“现!”

    松霜子大喝一声,右掌缓慢拍出,竟有磅礴之力自其周身涌现,逼得阴风稍滞,所有力量拢成一股,生生逼那厉鬼现行。

    只见阵法中间出现一滩黑沉血色,血水仿佛有生命般左右冲撞,发现难以冲破后,慢慢浮空而起,在阵法上空拼凑出一个人形。

    血色晕染又收敛,属于人的脑袋和手脚自其中浮现出来。

    女子五官僵硬,脸色青白,额角淌着凝固的血迹,一看便知不是活人的气色。她容貌秀丽,身形娇小,此时却无人有心欣赏她的姿容。

    她有几分涣散的黑眼珠死死看着松霜子,眼底尽是怨毒。

    “收!”

    松霜子变换手势,再次大喝一声。

    阵法随他命令而变化,那股磅礴之力逐渐收紧,正是要将女鬼禁锢其中。

    这一系列的动作很是行云流水,秦枢却看贴在阵法各个角落的符箓——符箓已然绷紧,微微颤抖,金光黯淡,血色浸透,似乎下一秒就要裂开来。

    看来,这女鬼的法力着实强横。

    果不其然,随着女鬼一声尖利叫喊,阵法南边的符箓率先被撕裂。

    一瞬间灵气逆流,松霜子死死维持手势,喉头却是一腥。

    “请两位道友助我!”他不逞能,深知这厉鬼非那两人不能收服,连忙叫道。

    他这一喊,女鬼自然也注意到旁边这两个人,又是一声尖利的喊叫,女鬼身躯一晃,似折断般倒下半截,从阵法破碎的南方窜出,丝丝血气围拢过来。

    黑夜中血气的颜色并不明显,用神识去感知更为妥当。谢临清并指作剑,斩断窜过来的血气,接着反手一握,抓住试图逃跑的一点尾巴,灵力自手心涌出,将之烧了个干净。

    损失这么一点血气对女鬼来说并不算什么,更多的血气去向秦枢和松霜子,她看得出来,这两人才是

    在场最强的,只要杀了他们,自己何愁跑不了。

    有人分担厉鬼仇恨,松霜子轻松不少,抓紧时间往嘴里塞了一枚丹药,恢复些许灵力,他的手势再变,想要将厉鬼重新压回阵法之中。

    小童很是机灵,厉鬼现形时躲得远远的,待她被三人牵制住,便快速跑上来,将提前绘制好的符箓贴在阵法南方,进行修补。

    秦枢并不把这血气放在眼里,在绝对的实力面前,厉鬼的力量便是米粒之珠。可他毕竟把修为压制到元婴,此刻免不了做做样子,灵力升腾而起,同谢临清一样,将周身围拢过来的血气烧干净。

    秋夜寒凉刺骨,对于修士来说却不算什么,有灵力护体,即使天降鹅毛大雪,他们亦能穿一袭单薄长衫,于雪中练剑。

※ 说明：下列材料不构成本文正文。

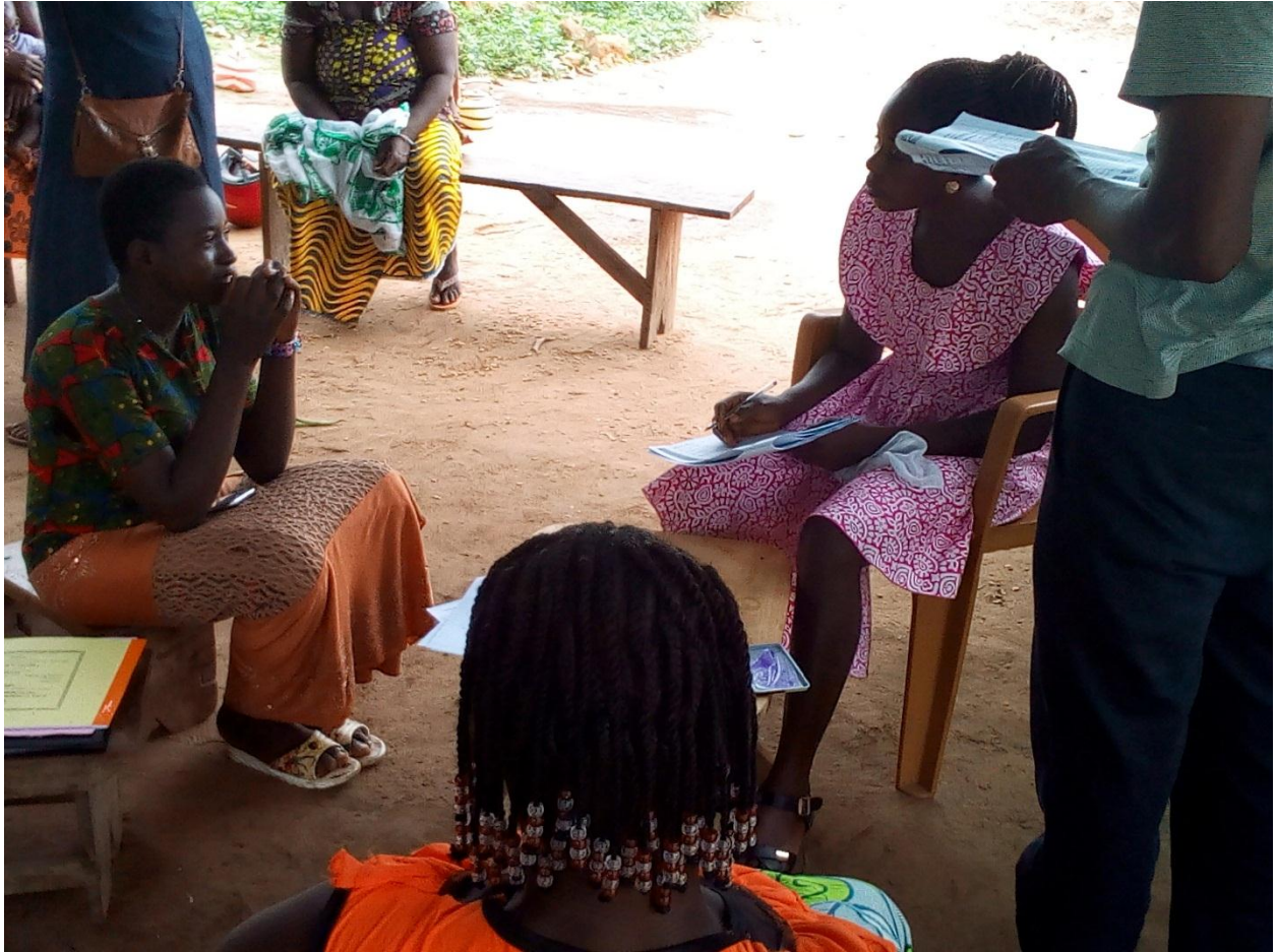
A young lady from the community registering to benefit from the project at Ntereso
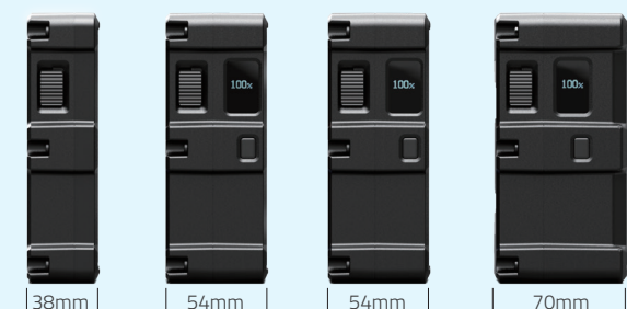
BIVO-98 98Wh BIVO-160 160Wh BIVO-200 196Wh BIVO-290 290Wh
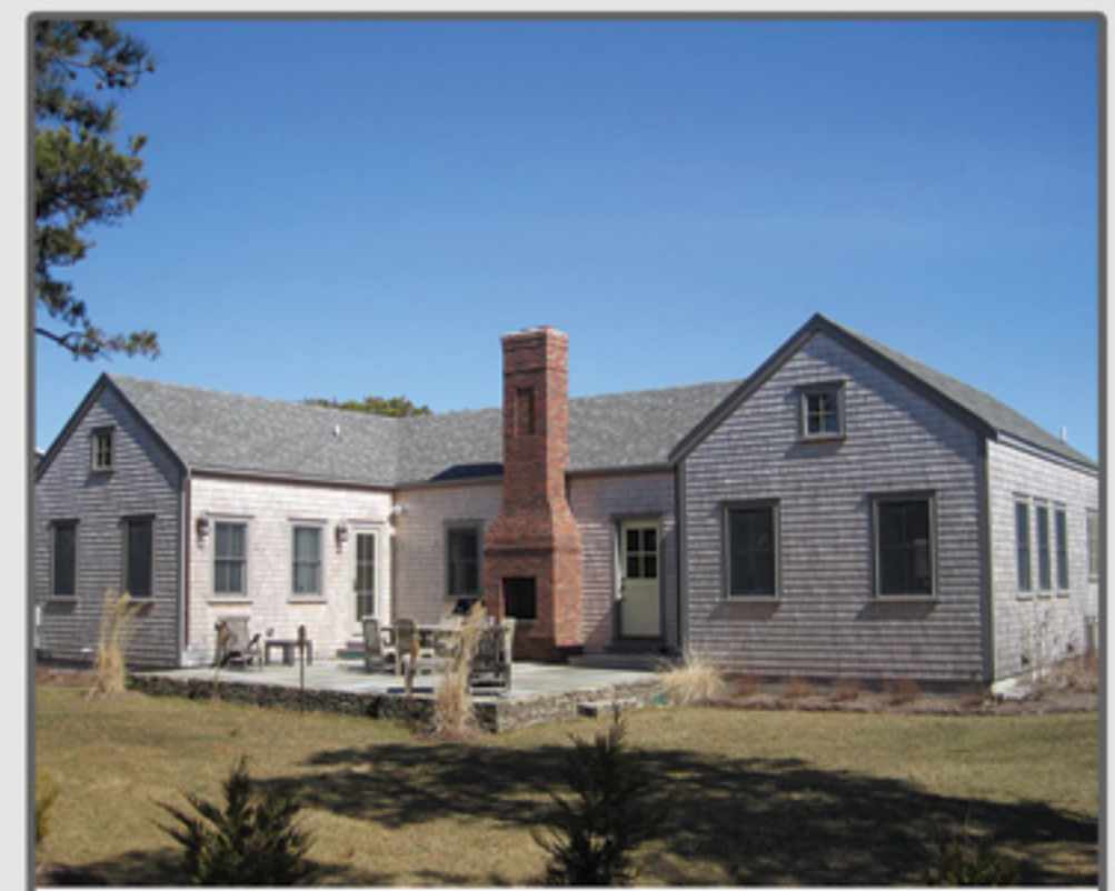
SURFSIDE 146 Surfside Road $1,875,000
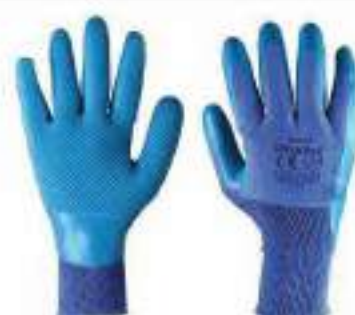
STYLE NO: BAJ BRAND: VAULTEX LATEX COATED GLOVES SIZE: 10 ORIGIN: CHINA
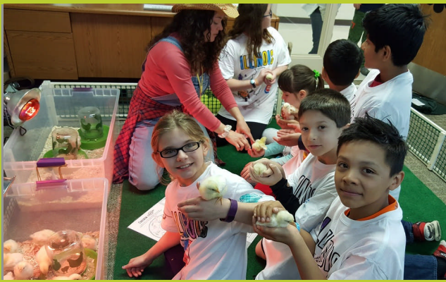
4th graders learn all about the State of Illinois during PTO's annual State Fair in May.

    小童补完阵法又躲远了,唯恐成为三人的拖累。且阴风乍起时,他感受到一股透心的寒意,便知自己在那里不能久待,否则回去又要请太师父帮忙施法祛除体内阴气了。

    时间就在松霜子倾尽全力,谢临清动动手指,秦枢游刃有余中流逝,女鬼察觉自己不是三人对手,这些日子靠杀人积累而来的血气越来越少,终于慌了。

    阴风再起,眼前血气一空,她竟是准备断尾逃生。

    不可能让她跑掉再去害人,不等松霜子变换手势,秦枢伸手,在虚空中一握,将藏匿在黑暗中的女鬼抓了回来。

    女鬼在他手中毫无还手之力,脚蹬了两下,难以挣脱,眼底怨毒越来越浓,果断衣袖一扬,碎掉手腕上的镯子。

    秦枢早防着她的后手,手镯一碎,他便用灵气将其包裹,防止伤到身边的人。

    那手镯在女鬼手上并不显眼,方才碎裂时,秦枢才注意到,上面雕刻了许多玉茗花。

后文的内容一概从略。